Чулки делались из меха ларта, на каждом повторялся тот же рисунок, что и на штанах.
– Теперь — сапоги, — сказала Тимбл.
В холодную погоду в сапоги кладут слой травы, которую ежедневно меняют. Сейчас, конечно, об этом не могло быть и речи. Лучшей, кстати, считается трава, растущая у скал с птичьими базарами.
Арлин натянула высокие сапоги. Они доставали ей до самого паха. Горячая все-таки попалась девочка. Все рабыни были по пояс обнажены. Свободные женщины краснокожих охотников тоже ходят обнаженными, когда нет мороза. Они, разумеется, не носят шнурков на горле. В принципе я не видел в них никакой необходимости. Достаточно было посмотреть на белую кожу девушек, чтобы понять, что они здесь рабыни.
Выпущенный Имнаком крошечный табук воткнулся в циновку.
Я с трудом оторвал взгляд от Арлин. Хорошая рабыня!
Я не торопился пройти с ней весь курс подчинения. Спешить было некуда. Пусть пока сохранит остатки гордости и достоинства. Всегда успею их у нее отнять. А то и сама попросит избавить ее от лишних комплексов.
– Примерь рубашку, рабыня, — сказала Тимбл.
Арлин натянула на себя рубашку из шкуры табука. На левом плече была вышита витая петля. Перехватив мой взгляд, рабыня инстинктивно выпрямилась, но потом отвернулась, словно давая понять, что мое мнение ей безразлично. Рубашка красиво ниспадала с упругих, торчащих грудей. На редкость хорошая фигура. На Земле бы она так не выгибалась. Я улыбнулся. В девочке на глазах просыпалась сексуальность.
Она искоса взглянула на меня и снова отвернулась. Временами в ее глазах проскальзывала непокорность, временами — страх и смирение. Как-то раз она не выдержала и сердито спросила:
– Я для тебя как игрушка, да, господин?
– Возможно, — усмехнулся я. — Возможно, рабыня.
Мой табук тоже воткнулся в циновку.
Арлин недовольно засопела. Судя по всему, ей не понравилось, что я вернулся к игре.
Она еще не поняла, что рабыня должна заслужить взгляд свободного человека.
– Надень первую парку, — сказала Тимбл.
Арлин натянула через голову легкую парку.
– Капюшон, — напомнила Тимбл.
Арлин набросила на голову капюшон.
– Я тебе нравлюсь, господин? — спросила она. Ей хотелось, чтобы я обратил на нее внимание.
– Неплохо, — сказал я, не отрываясь от игры.
– Спасибо, господин, — холодно произнесла она.
– Вторую парку и капюшон, — приказала Тимбл. Арлин повиновалась. На обеих парках была вышита витая петля рабыни.

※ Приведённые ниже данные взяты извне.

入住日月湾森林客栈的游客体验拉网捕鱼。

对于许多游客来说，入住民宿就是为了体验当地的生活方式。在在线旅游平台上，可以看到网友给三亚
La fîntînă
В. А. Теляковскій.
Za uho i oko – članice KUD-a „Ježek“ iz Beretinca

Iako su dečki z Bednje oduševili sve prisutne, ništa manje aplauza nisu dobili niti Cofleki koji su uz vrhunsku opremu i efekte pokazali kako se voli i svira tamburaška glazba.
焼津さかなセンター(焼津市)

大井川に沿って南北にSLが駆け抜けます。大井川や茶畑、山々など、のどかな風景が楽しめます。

– Теперь сними все, кроме шнурков на шее, — сказала Тимбл.
– Слушаюсь, госпожа.
Арлин снова разделась. Все три девушки в чуме Имнака ходили голыми. Они считались домашними животными своих хозяев.
Настал мой ход. Я бросил крошечного табука, и кость плашмя упала на циновку.

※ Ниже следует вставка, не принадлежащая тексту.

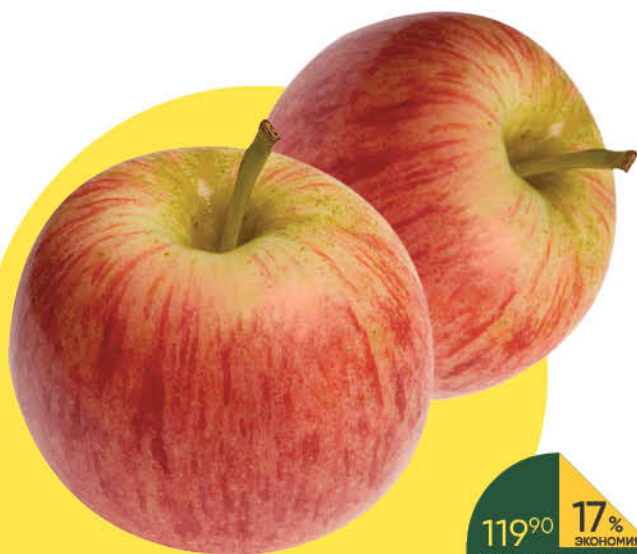
Яблоки Гала, 1 кг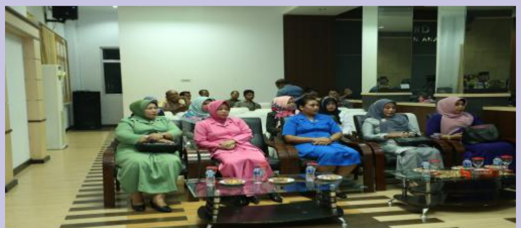
Penggerak PKK Anambas mendengarkan laporan akhir Ketua Pansus SOTK.

Abadikan Momen Spesial Anda di BATAMTODAY.COM Galley Foto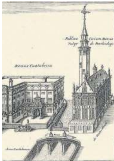
Casa de la Nación de Bizcaya en Brujas (1641).

Como muestra de esto fue el enfrentamiento por la gestión de la capilla de Santa Cruz del convento de los franciscanos, “de los frailes menores”, de Brujas, que fue motivo de controversia también entre los propios hispanos. La lucha establecida entre el consulado de Castilla y el consulado de Bizkaia por el patronazgo de la capilla, donde cada uno había colocado sus escudos de armas, termina por ser dirimida por la justicia ordinaria a favor de la nación vizcaina, haciendo que a principios del siglo XVI la nación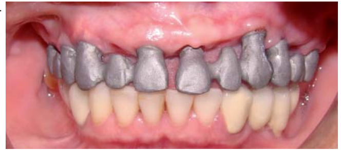
Fig. 6. Prueba de estructuras coladas.

el paralelismo entre los implantes a nivel de las piezas 16/14, 13/11, 21/23, 24/26 (Fig. 5). Se realizó la prueba del fresado de los pilares y se confeccionó a partir de estos las estructuras coladas como puentes de tres unidades (Fig. 6), luego de la prueba de los colados y verificación del asentamiento de dichos colados se procedió a la aplicación de porcelana y prueba de bizcocho verificando las tablas oclusales estrechas, puntos de contactos dirigidos a nivel del eje axial de implante y rampas bajas en las desoclusiones (Fig. 7,8). En la arcada inferior se realizó la nivelación de los bordes incisales desde de las pzas 32-43. Se colocaron implantes oseointegrados para las piezas 36 (4 x 10mm), 45 (4 x 11,5) y 46 (4 x 11,5) colocación posterior de coronas metalo cerámicas cementadas y un puente metal cerámica en pzas 35-33. Se consiguió una oclusión mutuamente protegida con una desoclusión canina derecha e izquierda. Finalmente se realizó la cementación temporal y confección de una férula de protección.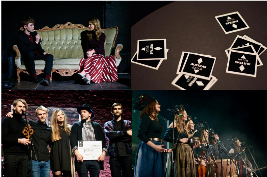
Austras balvas 2018 pasniegšanas ceremonija.

Savukārt gada izskaņā jau piekto gadu Latvijas Radio sadarbībā ar Latvijas Televīziju, sabiedrisko mediju portālu lsm.lv un Ziedot.lv organizēja labdarības maratonu „Dod Pieci 2018” , kas bija veltīts jautājumiem par laimīgu bērnu audzināšanas priekšnoteikumiem mūsdienu sabiedrībā. 2018. gada ziedojuma mērķis bija mācību programmas izveide un mācību nodrošināšana jauniešiem visā Latvijā, lai gūtu psiholoģisku un praktisku atbalstu par emocionālās inteliģences attīstību un veselīgas piesaistes veidošanu ar bērnu. Maratons notika no 17.-23. decembrim Stikla studijā Doma laukumā, ziedojumos savācot vairāk nekā 122 tūkstošus eiro mērķa atbalstam.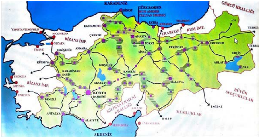
Harita 3: Türkiye Selçuklu Devleti şehirleri ve ulaşım ağı (Özcan, 2017, 140).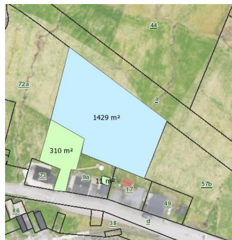
Matrikulviðurskipti eftir umskipan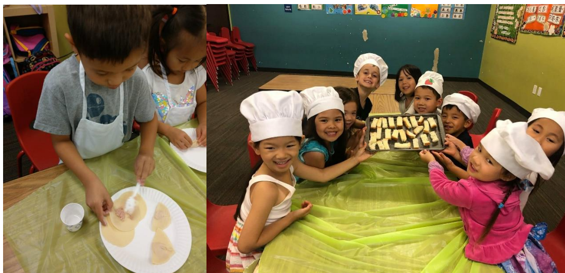
左圖，孩子細心的將料放上餃皮。/右圖，大家共同製作甜點，蜜糖吐司。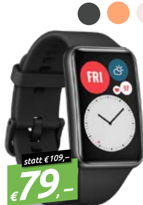
HUAWEI WATCH FIT 1.64" SMARTWATCH, BLUE- TOOTH, GPS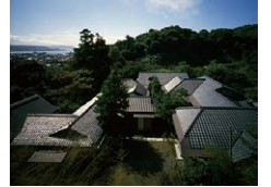
旧山本条太郎別荘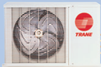
Mezcla de unidades interiores con un sistema de 2 a 1.

Agregue un juego de expansión para acoplar unidades de pared (MCW) al TTT548*00 u otras condensadoras múltiples (terminación 00).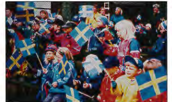
Ung som gammal är välkommen att fira nationaldagen.

Lördag den 6 juni firar vi Sveriges nationaldag med att kl 12.00 starta en parad från Vassaratorget. Alla är välkomna att delta i firandet av nationaldagen. Paraden går genom Gällivare centrum och avslutas med nationalsången och tal vid scenen.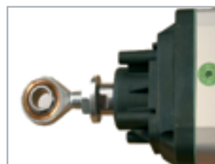
Joint à rotule pour réglage de la course

– Я выиграл! — воскликнул Имнак.
– На что вы играете? — поинтересовалась Арлин, складывая одежду.
– Отложи все, встань на четвереньки и ползи сюда, — сказал я. Когда девушка приблизилась, я ухватил ее за волосы и швырнул на ноги Имнака.
– Господин! — закричала она.
– Я тебя проиграл, — сказал я. — Будешь услаждать Имнака, пока ему не надоест. Слушайся его, как своего хозяина!
– Да, господин! — сквозь слезы произнесла девушка.
Охотник потащил ее на свою половину чума.
***
Больше всего меня огорчало отсутствие деревьев.
Спустя пять дней после того, как я обратил в рабство Арлин, я добрался до ледника Акса. Там я и обнаружил становище Имнака.
– А я тебя ждал, — сказал краснокожий охотник. — Знал, что придешь.
– Откуда? — улыбнулся я.
– Видел, как ты отложил меха и продовольствие. У тебя дела на севере.
– Верно, — сказал я.
Он не стал уточнять, какие у меня здесь дела. Охотники никогда не задают лишних вопросов. Он знал, что если я захочу, то скажу ему сам. Я решил поговорить с ним позже. В моей сумке лежала выточенная из синего камня голова кюра с оторванным ухом.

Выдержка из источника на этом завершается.